● **DIRECTIONS FOR THIS TASK**:
Reproduce every entry that follows word for word, but omit the images.

● **RECORD EXCERPTS**:
☆ ☆ ☆ ☆

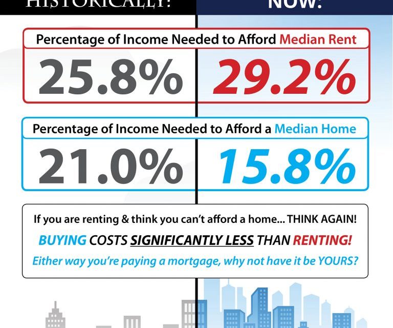 - Looking at the percentage of income needed to rent a median-priced home today (29.2%) vs. the percentage needed to buy a median-priced home (15.8%), the choice becomes obvious.
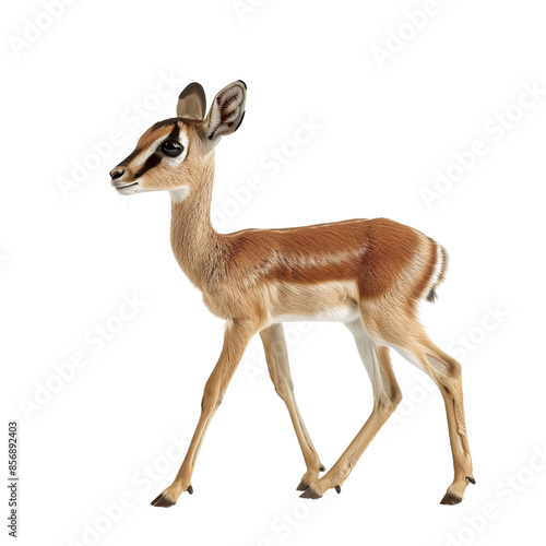 © Jenjira, Fototapeta premium A detailed illustration of a young deer standing and looking to the side on a white background. Perfect for nature and wildlife projects.
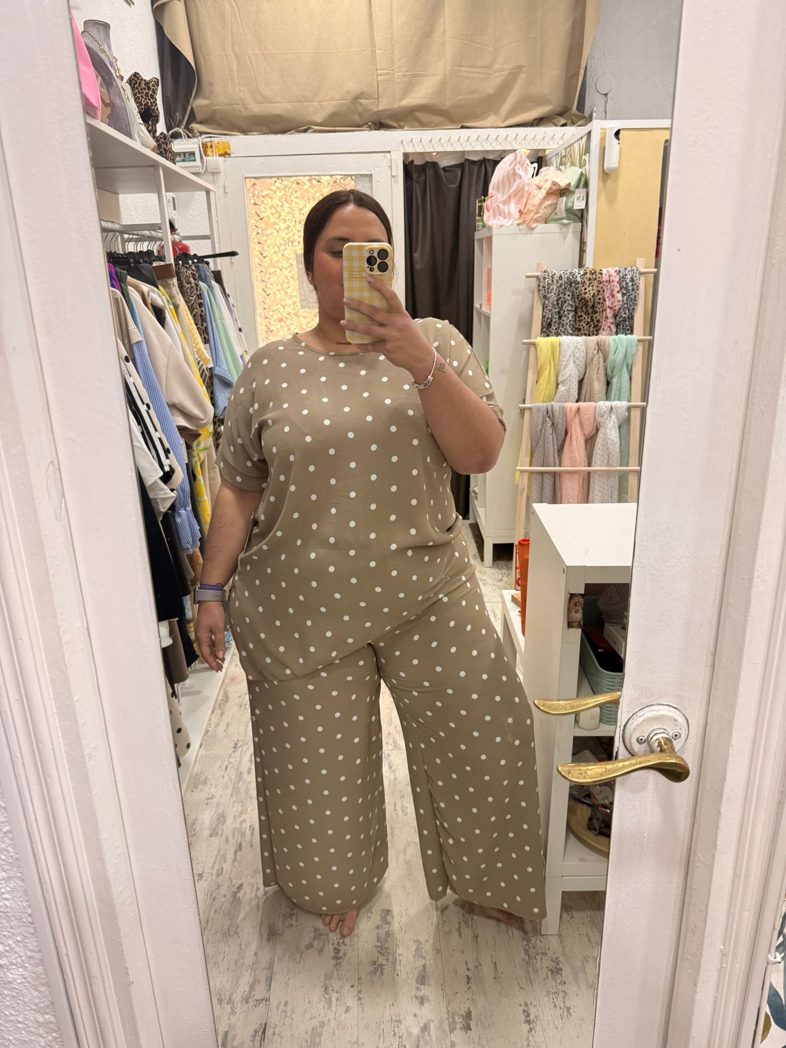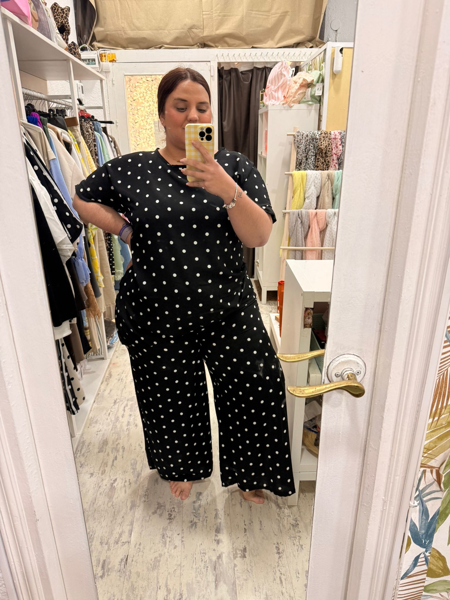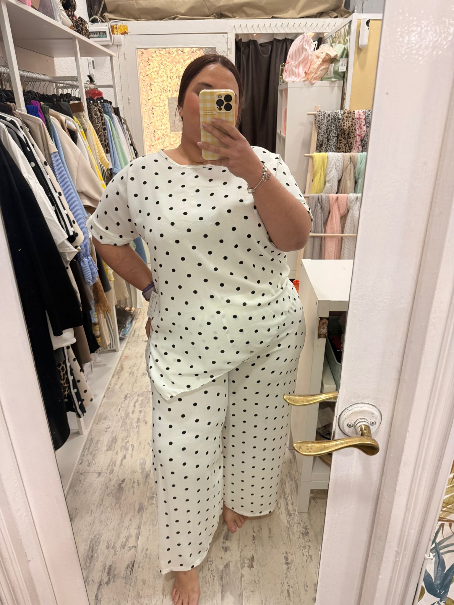 Conjunto de dos piezas con estampado de lunares formado por camiseta y pantalón. La camiseta es asimétrica y el pantalón lleca cintura de elástico y pata ancha.
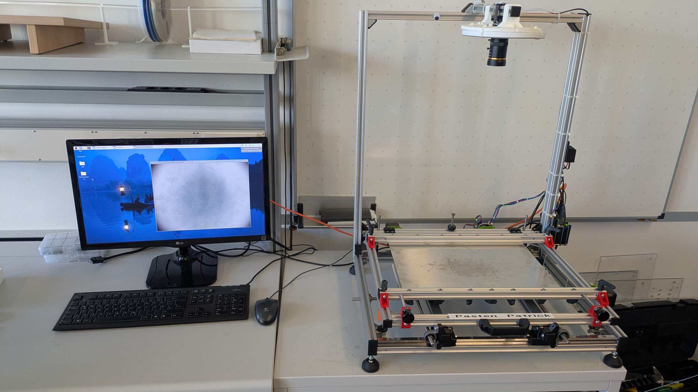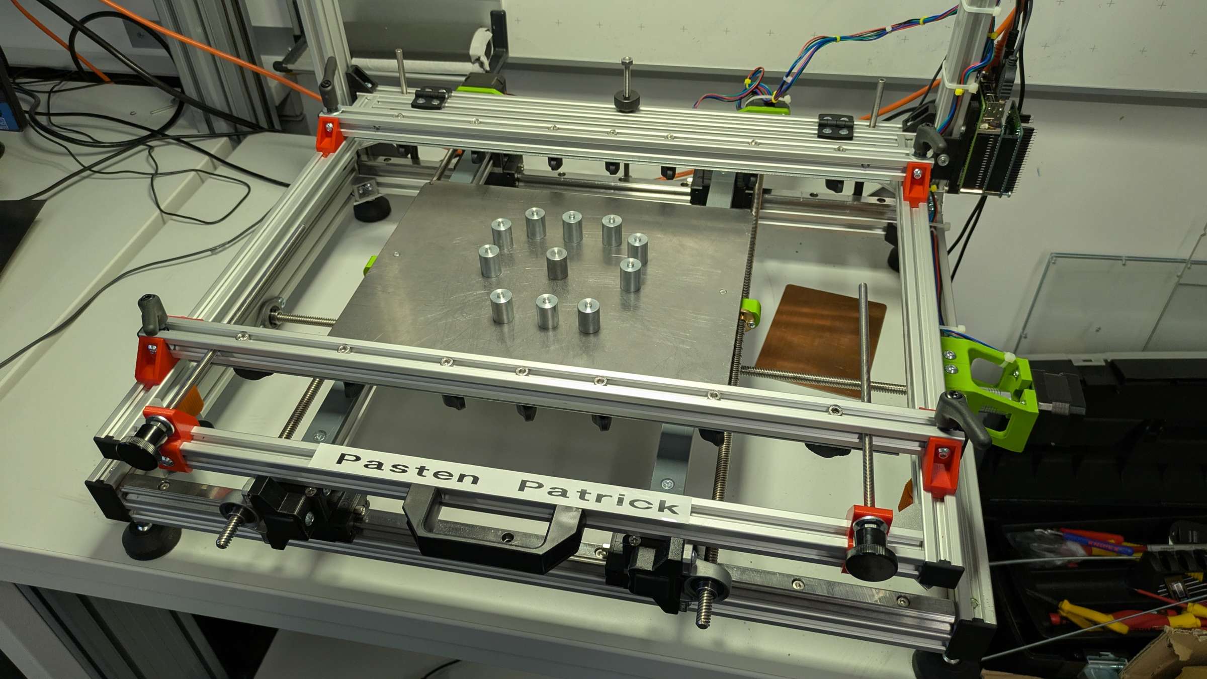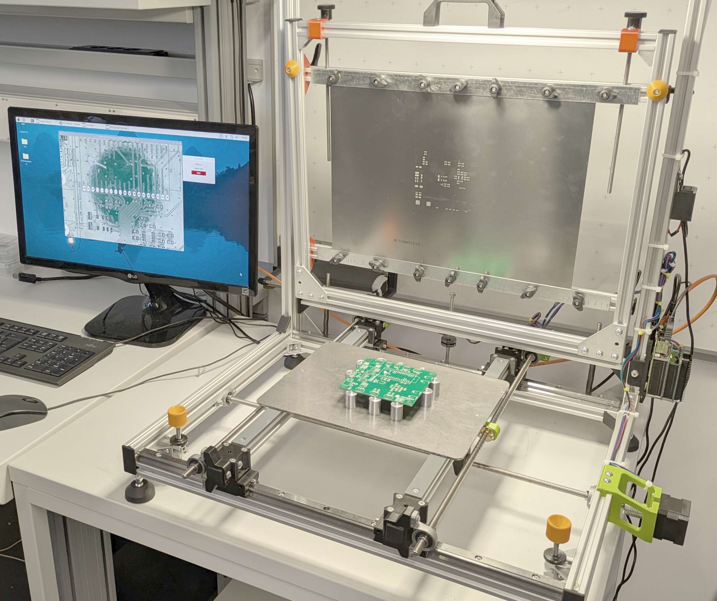 In diesem Gerät kann die Schablone und die Platine fest eingespannt und zueinander ausgerichtet werden, sodass die Lötpaste einfach aufzubringen ist. Außerdem ist eine Kamera über der Vorrichtung angebracht, wodurch die Position der Platine und Schablone zueinander erkannt werden kann und automatisch über Motoren ausgerichtet werden kann.
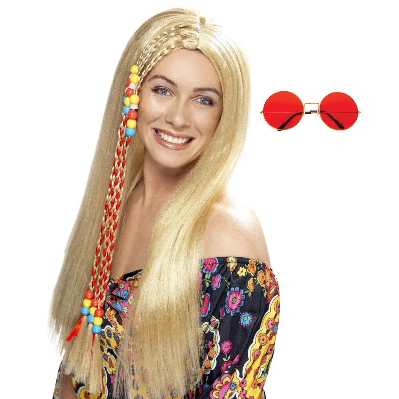 Hippie Flower Power Sixties verkleed set voor dames bestaande uit een verkleedpruik met lang blond haar en kralen en een hippie bril met ronde glazen in het rood. Materiaal: polyester/metaal. Zo ben je snel helemaal in je verkleed thema. Carnaval thema verkleedkleding accessoires voor dames. Wat je nog kan toevoegen: jasje, broek of kostuum, jointje en sieraden. , Dit artikel bestaat uit:, 1x Lange blonde hippie pruik – voor dames – pruiken – verkleed – vlechten – synthetisch, 1x Hippie Flower Power Sixties ronde glazen zonnebril rood
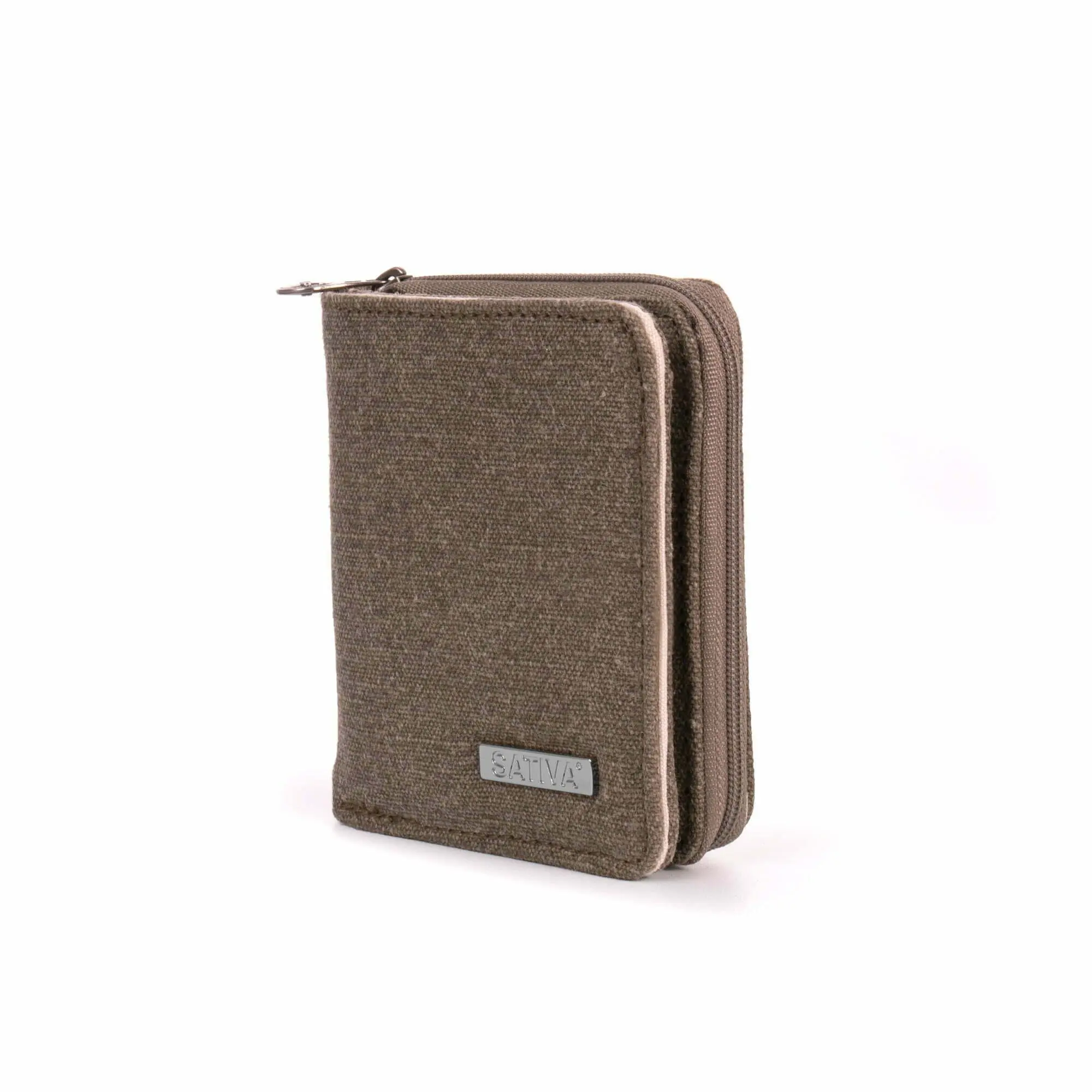 Deze Hennep Portemonnee Khaki van Sativa Bags is niet alleen stylisch en eco-friendly, maar bovendien ook erg praktisch. De mix van duurzame hennep 55% en biologische katoen 45% maakt het materiaal robuust en sterk. Er is plek voor maar liefst 5 creditcards en muntgeld kan veilig opgeborgen worden in een extra vakje met ritssluiting. Aan uw pasfoto’s is ook gedacht dankzij een transparant vakje.
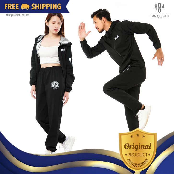[Mall] Jaket Sauna Suit Olahraga Baju Jas Pembakar Lemak Elastis Hook
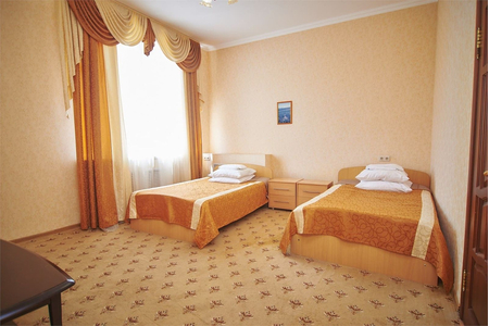 Мебель: Шкаф, прикроватные тумбочки, стулья, две раздельные односпальные кровати.
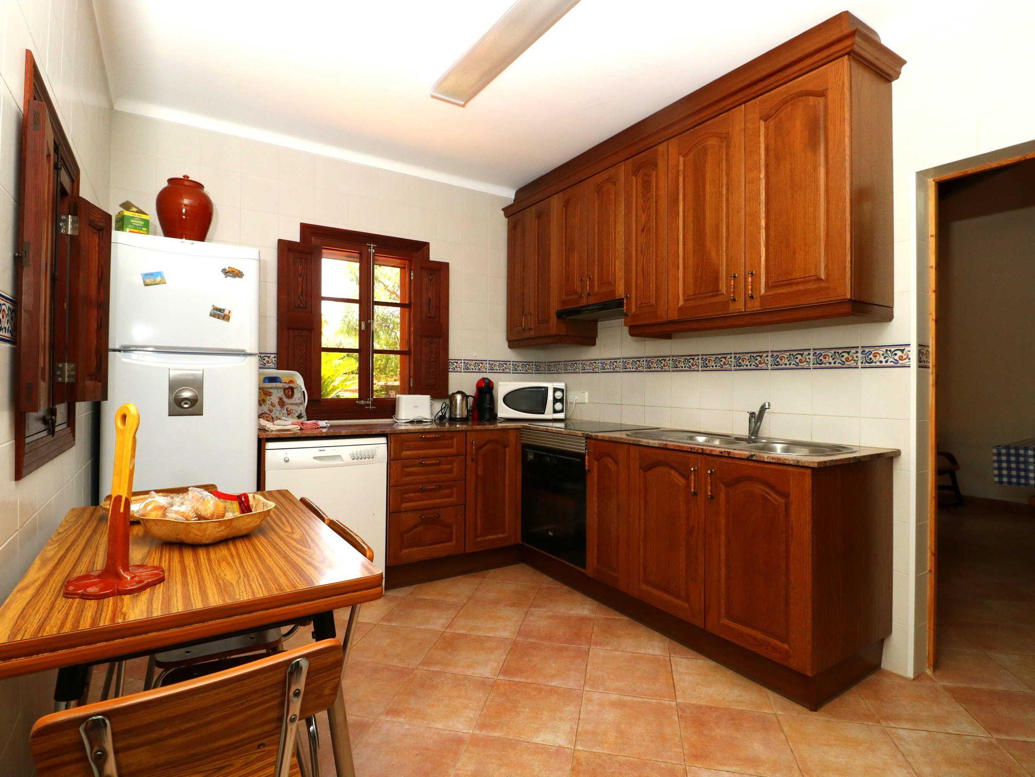 Der Wohnbereicht ist mit SAT-TV und WLAN ausgestattet. Die Finca verfügt über 3 Schlafzimmer. Zwei dieser haben jeweils zwei Einzelbetten, das andere hat ein Doppelbett. Es gibt 2 Badezimmer, eines mit Badewanne und das andere mit Dusche, beide haben Bidet. Die Küche ist funktional ausgestattet mit dem notwendigstem in Ihrem Urlaub wie, Spühlmaschine, Toaster, Mikrowelle, Geschirr, Herd, etc. hier gibt es auch einen kleinen Esstisch, der grosse Essbereich befindet sich aber mit im Wohnzimmer.
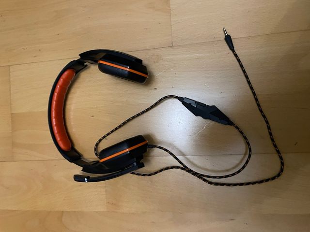 Detalles del productoAuriculares para gaming con un diseño llamativo en negro y naranja.
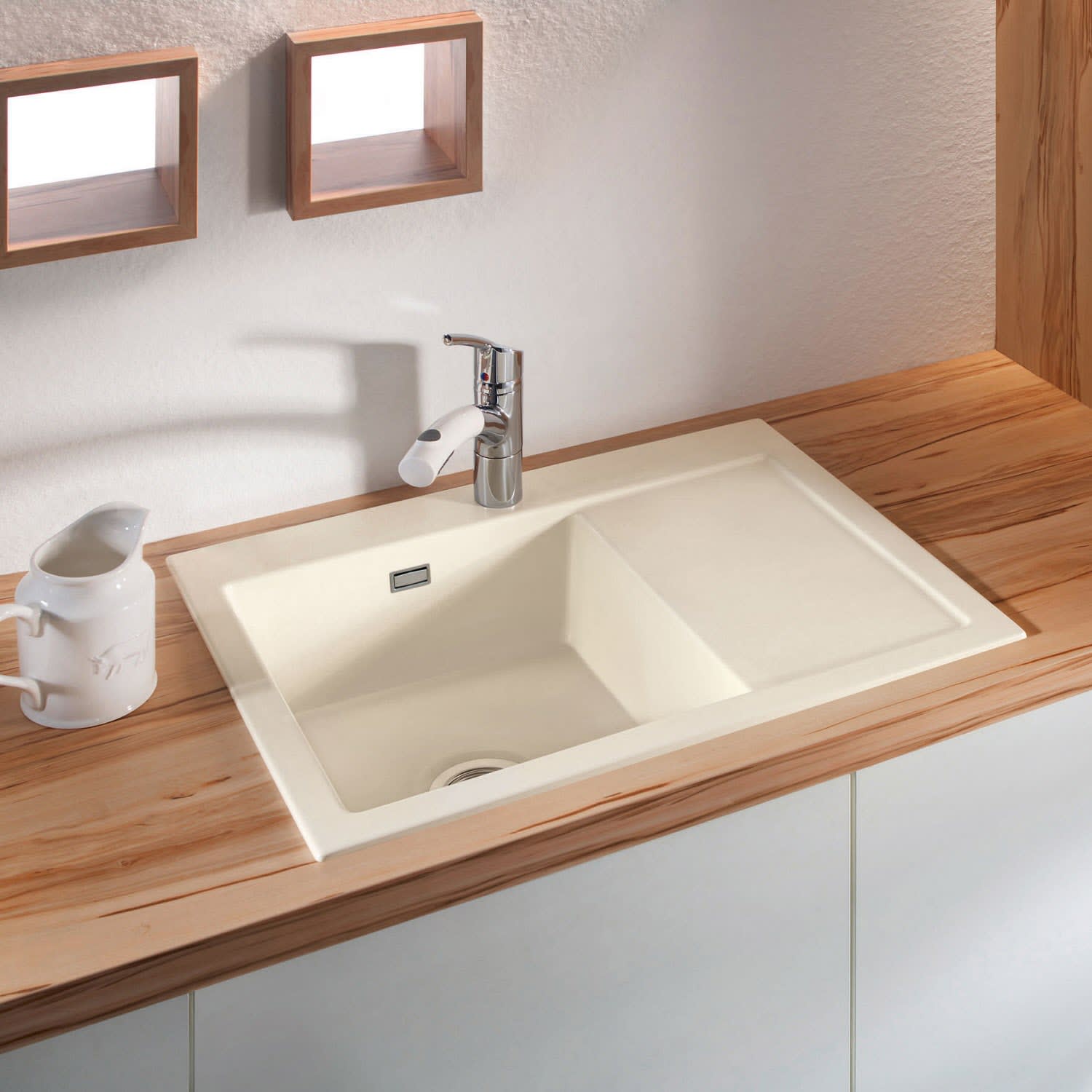 Systemceram Keradomo Mera 70 Einbauspüle links mit Handbetätigung, inkl. Armaturbohrung
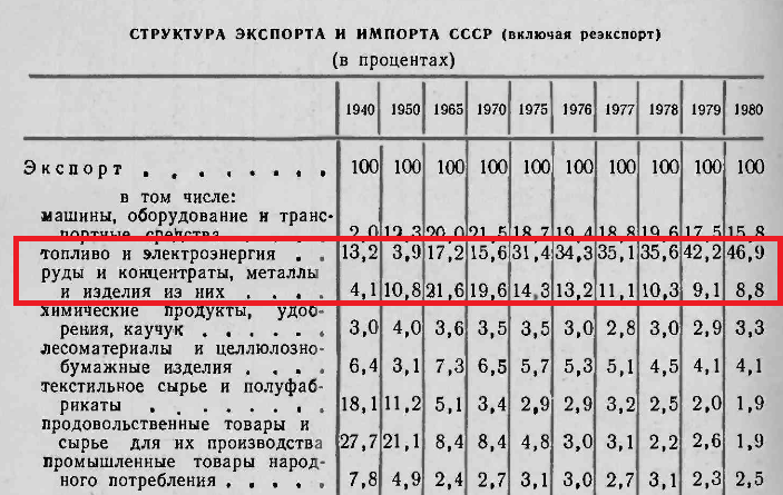 Доля экспорта топлива в 1985 году в развитые капиталистические страны составляла 77% от общего экспорта в эти страны.

☆ ☆ ☆ ☆

● **RESPONSE AREA**:
 - Looking at the percentage of income needed to rent a median-priced home today (29.2%) vs. the percentage needed to buy a median-priced home (15.8%), the choice becomes obvious.
 © Jenjira, Fototapeta premium A detailed illustration of a young deer standing and looking to the side on a white background. Perfect for nature and wildlife projects.
 Conjunto de dos piezas con estampado de lunares formado por camiseta y pantalón. La camiseta es asimétrica y el pantalón lleca cintura de elástico y pata ancha.
 In diesem Gerät kann die Schablone und die Platine fest eingespannt und zueinander ausgerichtet werden, sodass die Lötpaste einfach aufzubringen ist. Außerdem ist eine Kamera über der Vorrichtung angebracht, wodurch die Position der Platine und Schablone zueinander erkannt werden kann und automatisch über Motoren ausgerichtet werden kann.
 Hippie Flower Power Sixties verkleed set voor dames bestaande uit een verkleedpruik met lang blond haar en kralen en een hippie bril met ronde glazen in het rood. Materiaal: polyester/metaal. Zo ben je snel helemaal in je verkleed thema. Carnaval thema verkleedkleding accessoires voor dames. Wat je nog kan toevoegen: jasje, broek of kostuum, jointje en sieraden. , Dit artikel bestaat uit:, 1x Lange blonde hippie pruik – voor dames – pruiken – verkleed – vlechten – synthetisch, 1x Hippie Flower Power Sixties ronde glazen zonnebril rood
 Deze Hennep Portemonnee Khaki van Sativa Bags is niet alleen stylisch en eco-friendly, maar bovendien ook erg praktisch. De mix van duurzame hennep 55% en biologische katoen 45% maakt het materiaal robuust en sterk. Er is plek voor maar liefst 5 creditcards en muntgeld kan veilig opgeborgen worden in een extra vakje met ritssluiting. Aan uw pasfoto’s is ook gedacht dankzij een transparant vakje.
[Mall] Jaket Sauna Suit Olahraga Baju Jas Pembakar Lemak Elastis Hook
 Мебель: Шкаф, прикроватные тумбочки, стулья, две раздельные односпальные кровати.
 Der Wohnbereicht ist mit SAT-TV und WLAN ausgestattet. Die Finca verfügt über 3 Schlafzimmer. Zwei dieser haben jeweils zwei Einzelbetten, das andere hat ein Doppelbett. Es gibt 2 Badezimmer, eines mit Badewanne und das andere mit Dusche, beide haben Bidet. Die Küche ist funktional ausgestattet mit dem notwendigstem in Ihrem Urlaub wie, Spühlmaschine, Toaster, Mikrowelle, Geschirr, Herd, etc. hier gibt es auch einen kleinen Esstisch, der grosse Essbereich befindet sich aber mit im Wohnzimmer.
 Detalles del productoAuriculares para gaming con un diseño llamativo en negro y naranja.
 Systemceram Keradomo Mera 70 Einbauspüle links mit Handbetätigung, inkl. Armaturbohrung
 Доля экспорта топлива в 1985 году в развитые капиталистические страны составляла 77% от общего экспорта в эти страны.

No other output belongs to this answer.